This idea has now been implemented on the reinstalled destiny cluster, mek-quake, and the workstations. It works OK for people who know exactly what they're doing, but you have to be quite careful to purge the environment before loading one of these package modules (ie it's best only to do it in shell startup files), and they seem to cause a certain amount of confusion amongst those who aren't used to the whole switching environment thing. Jury is still out.
MPI confusion
The MPI modules currently enforce the correct choice of compilers by failing to load if you try to load the wrong MPI for your loaded compilers, or if you haven't got compilers loaded at all. Personally I find I almost always have the wrong compilers loaded for the MPI I want, and have to mess about for a few minutes to fix it. Should the MPI modules automatically load the right compiler modules themselves?
It seems like a good idea at first, but then you have the problem of dealing with conflicts- either I make the load fail with an error (and then it's almost the same as the current situation, but deals with the rare situation that no compilers were loaded) or silently swap the compilers. The latter seems to me to be asking for trouble. I could make the module be verbose about what it is doing, but that will probably mean learning more Tcl and could lead to problems when people load non-default modules in shell startup files.
The problem with MPI is particularly acute because there is no one MPI library I can load as standard that will work for most (or even many) users so most people using MPI are going to have to fight with the modules.
The current attempt at a fix for this is to make a family of modules called 'environment' which load a compatible set of things. For example, we have environment/32-bit/parallel/lam/pgi on mek-quake, plus many others. The idea is that most people will just load one version of the 'environment' module in their .bash_profile and never see the underlying mpi and compiler modules at all.
Having now tried this for a few months, it works rather well provided the user sets their shell up with the right package and forgets it. Attempts to change horses midstream lead to grief!
Libraries
Currently library modules are very inconsistent. MKL forces you to load an Intel compiler module (and usually forces it to be one for the same architecture as your MKL) and the Intel compilers contain local tweaks that point them at the right MKL libs and includes when the MKL module is loaded. However this is inconsistent because you can perfectly well use MKL with gcc and loading the MKL module does not help gcc compiles find MKL.

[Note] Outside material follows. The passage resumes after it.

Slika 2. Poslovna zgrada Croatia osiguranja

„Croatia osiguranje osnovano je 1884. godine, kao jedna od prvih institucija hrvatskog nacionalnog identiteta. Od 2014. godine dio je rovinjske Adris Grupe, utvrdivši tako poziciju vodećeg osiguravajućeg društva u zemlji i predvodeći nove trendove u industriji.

Other library modules just set LD_LIBRARY_PATH and hope that the person loading them knows to put in -L and -I for compiling. That's not much help to the user. Experience has shown that explaining this in the module help doesn't help because people don't expect to need to look there. Maybe those modules need to write out instructions on loading (and therefore must never ever be loaded by default or that breaks other things...)
Some people have suggested having library modules append to a LIBDIRS and INCLUDEDIRS variable that all the compilers use, and people could use in their Makefiles. This is very attractive. However, what if the library is one which only works with a certain compiler (eg fftw2, which must be recompiled for each Fortran compiler). I'd have to make that library module conflict with the other compiler modules, as opposed to simply requiring the right compiler. Then someone's going to have fftw2 loaded and forget about it, and suddenly find they can't load a new compiler. How likely is this to happen?

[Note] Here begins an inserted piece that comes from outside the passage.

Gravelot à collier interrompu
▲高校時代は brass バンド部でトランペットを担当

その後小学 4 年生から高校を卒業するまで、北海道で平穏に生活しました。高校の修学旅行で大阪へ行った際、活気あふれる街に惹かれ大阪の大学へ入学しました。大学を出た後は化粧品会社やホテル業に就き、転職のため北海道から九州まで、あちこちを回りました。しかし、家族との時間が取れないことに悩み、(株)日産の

The other problem is that some of the libs work with most compilers, but some combinations I have no idea about and no time to test. What do I do with those? If I don't put dependencies on them, does that send a signal that they're expected to just work?
I am also concerned about ordering effects- by using LIBDIRS and INCLUDEDIRS I am forcing an ordering of -L and -I options onto people. Is that likely to go wrong? What do I do when someone needs fine control of their linker? Tell them to mangle the variables by hand, tell them to unload all the modules and do it all the old fashioned way, suggest they run ld by hand (total control but really bad for anyone compiling MPI code), tell them to load modules in exactly the right order? Which of those is least bad?

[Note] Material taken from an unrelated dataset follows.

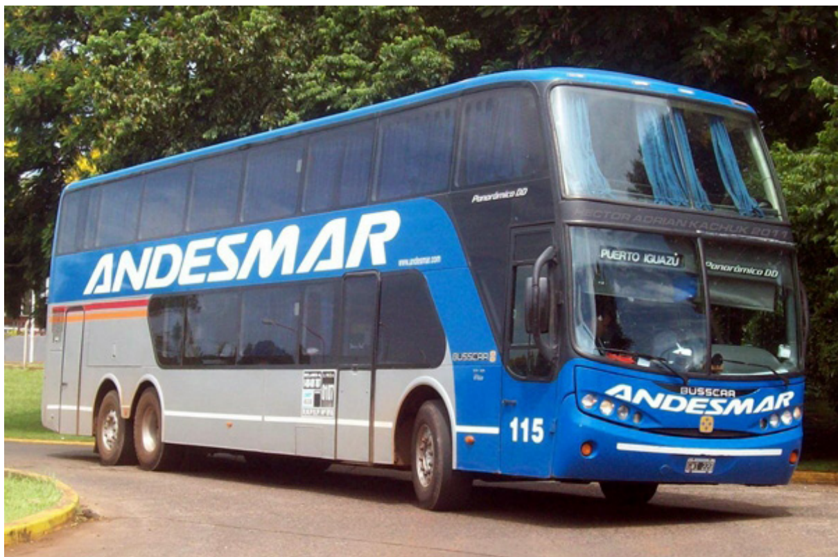
Andesmar se suma a los fabricantes locales de carrocerías

De este modo, la empresa mendocina Andesmar se hará cargo de la logística de este proyecto que contempla la creación de 300 nuevos empleos.

Finally, what do I do about gcc and g77 to make them use the vars? I can't wrap them because every other security patch would stamp on that. I can't afford to uninstall the system ones and maintain my own. Only putting a dummy somewhere in the path like /usr/local deals with it, and that has other problems: it can't be an NFS PATH because it has to be at the start and then you're vulnerable to the network going down. If it's in /usr/local I can't maintain it on the workstations without building more infrastructure. Does anyone here care about gcc/g77 anyway?
After musing on this for a few months I had another crack at it while working on the SuSE 10.1 image, and discovered the variables LIBRARY_PATH and CPATH. These do Exactly What I Want for gcc and friends: act as a list of directories to search for libs and includes respectively and don't require wrapping the compiler in any way at all (why is this stuff not better documented? I eventually found it in a locked filing cabinet stuck in a disused lavatory etc etc). icc and ifort also support these out of the box, and it was a trivial fix to make Portland do so (siterc file and some help from the Portland FAQ). Nag is just a wrapped gcc so it also supports them, and anyone who needs to have full control just unsets them and everything goes away. I haven't tacked Pathscale yet, but since I had to wrap it extensively to make it work at all, I already have the hooks even if it doesn't turn out to support them out of the box.
So basically all library modules adjust these two, and the difficult library modules (fftw and acml if I ever install it) will just have to have dependencies on the compiler modules.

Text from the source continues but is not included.